RISE Humanities Data Benchmark, 0.4.0

Company Lists

Overview

This benchmark evaluates the performance of large language models on extracting structured company information (company name and location) from historical trade indexes. The benchmark consists of 16 pages from trade indexes, issued between 1921 and 1958 by the British Chamber of Commerce for Switzerland, preserved at the Swiss Economic Archives in Basel. The complete record comprises 14 single trade indexes. These sources consist of lists of chamber members, accompanied by additional details such as addresses, locations, and-in later years- telephone numbers and telegraphic codes. Each volume contains two distinct types of lists: first, an alphabetical directory indicating the company name and the page reference within the index, and second, the actual trade index, which provides full entries containing the relevant commercial information. The layout of these indexes varies considerably over time, ranging from multi-column tables to more linear list formats. 

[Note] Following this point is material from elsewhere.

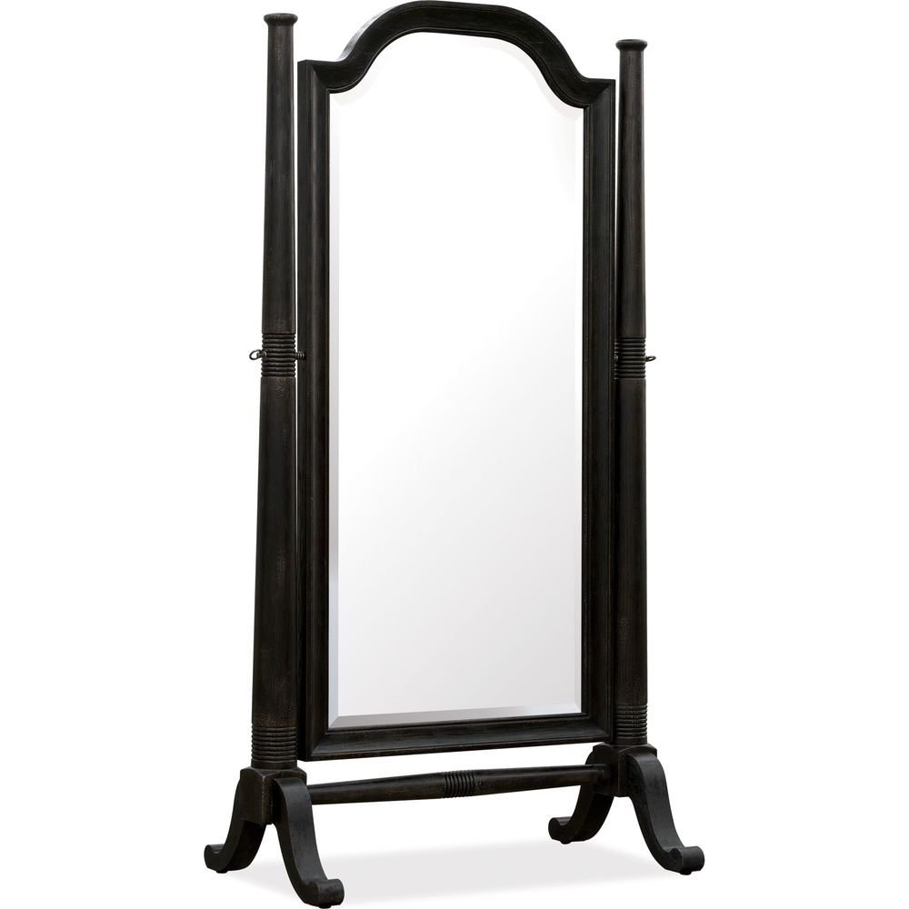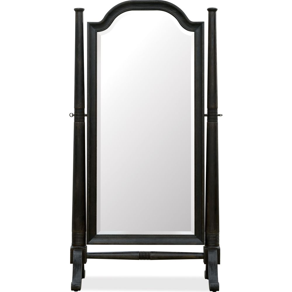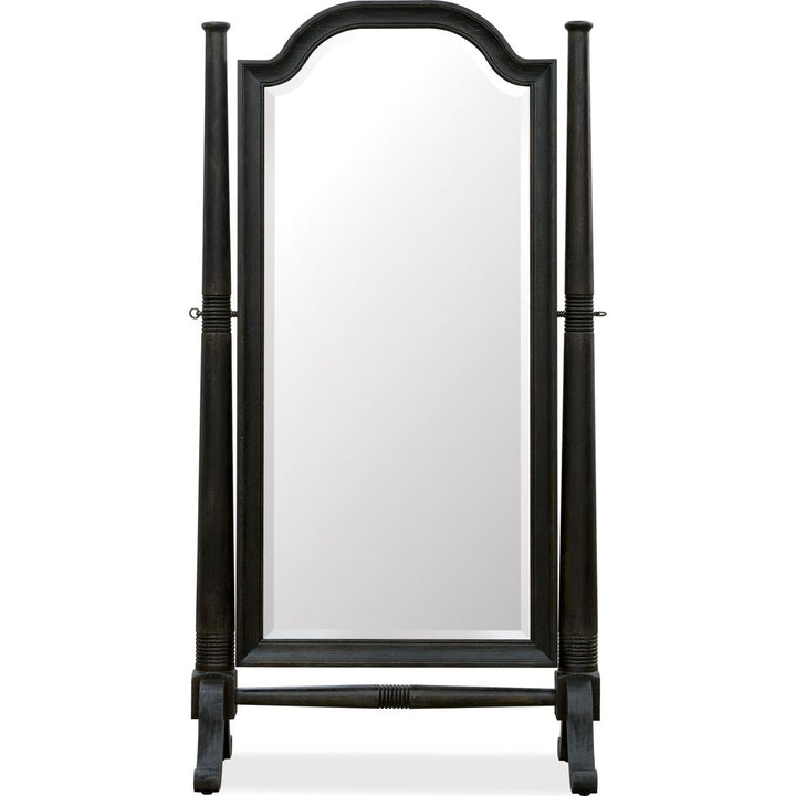 Description: Celebrating the winsome beauty of a simpler time, the Heritage Tilting Floor Mirror has beveled glass and carved accents on the posts and stretcher. The Molasses finish over Cathedral Oak Veneers captures the essence of a well-loved heirloom passed down through the generations. The deep dark tone over the Oak Veneers adds warmth, while the variations in color reveal the natural beauty of the wood beneath.

The objective of this benchmark was to extract those data fields that occur consistently across all entries, namely the company name and the location. The task required the model to identify these elements across differing typographic layouts and information densities, and to classify them into a structured format suitable for further processing.

Dataset Description

Data TypeImages (JPG, 1868x2931, ~350 KB each)
Amount15 images
Originhttps://doi.org/10.7891/e-manuscripta-174832
SignatureUBW Zo 1394
LanguageEnglish, (German)
Content DescriptionCollection of Trade indexes from the British Chamber of Commerce for Switzerland
Time Period1921 - 1958
LicensePublic Domain Mark, PDM 1.0
Tags

book-pages, list-like, printed-source, century-20th, company-entries

RoleContributors
Domain expertlea_kasper
Data curatorlea_kasper
Annotatorlea_kasper, sorin_marti
Analystlea_kasper
Engineersorin_marti

Image

Ground Truth

{
   "page_id": "156089_1321092_18",
   "entries": [
       {
           "entry_id": "156089_1321092_18-1",
           "company_name": "Färbereien Schetty, A.-G.",
           "location": "Basle"
       },
       {
           "entry_id": "156089_1321092_18-2",
           "company_name": "G. Kappeler A.-G.",
           "location": "Zofingen"
       },
       {
           "entry_id": "156089_1321092_18-3",
           "company_name": "J. A. Crabtree & Co., Ltd.",
           "location": "Walsall, England"
       }, ...

class TypeValuePair(BaseModel):
   type: str
   value: str
 
class Entry(BaseModel):
   entry_id: str
   company_name: str
   location: str
   additional_information: Optional[List[TypeValuePair]] = None
 
class ListPage(BaseModel):
   page_id: str
   entries: List[Entry]

Scoring

As both ground truth and llm-response are JSON, scoring is simple. Each ground truth field is fuzzy-matched to each response field for each request. The average of those values constitutes for the request-score. The average of all request-scores is the test-score (0-1, normalized: 0-100) 

Observations

Overall, the extraction process performed consistently well. The model proved capable of adapting to heterogeneous layouts and isolating the relevant entities with a high degree of accuracy. The extraction of additional attributes—such as addresses, telephone numbers, or product descriptions—was intentionally omitted, as these elements are not uniformly available across all records. Moreover, for the research objectives of this project, the company name and location are of primary analytical importance, as they provide the basis for georeferencing the firms in a subsequent step and thereby enable geospatial analysis of the chamber’s membership over time.